BEGIN DATA

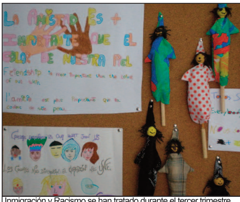
Inmigración y Racismo se han tratado durante el tercer trimestre.

van de estímulo para continuar aprendiendo y participan activamente en las distintas actividades que se organizan en el Centro. Durante este curso podemos resaltar que los alumnos que asisten al Aula de Apoyo han participado activamente en las actividades desarrolladas por varios de los proyectos que se llevan a cabo en el Centro, como el Proyecto Interdisciplinar "La Roma antigua", Plan Escuela espacio de paz o Plan de igualdad entre hombres y mujeres.
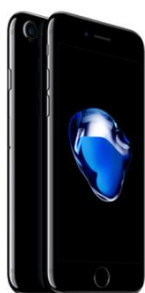
iPhone 7 32 GB Standard-Preis: 41,93€ 15

Unsere alternativen Angebote mit dem Red Business+ Kombi-Vorteil und der Vodafone 4G|LTE-UltraCard

END DATA

DIRECTIONS FOR THIS TASK >> All that is wanted is the run of lines from the start of the material through the line that holds "iPhone 7 32 GB Standard-Preis: 41,93€ 15", retyped exactly, with no pictures.

EXERCISE SOLUTION >>
Inmigración y Racismo se han tratado durante el tercer trimestre.

van de estímulo para continuar aprendiendo y participan activamente en las distintas actividades que se organizan en el Centro. Durante este curso podemos resaltar que los alumnos que asisten al Aula de Apoyo han participado activamente en las actividades desarrolladas por varios de los proyectos que se llevan a cabo en el Centro, como el Proyecto Interdisciplinar "La Roma antigua", Plan Escuela espacio de paz o Plan de igualdad entre hombres y mujeres.
iPhone 7 32 GB Standard-Preis: 41,93€ 15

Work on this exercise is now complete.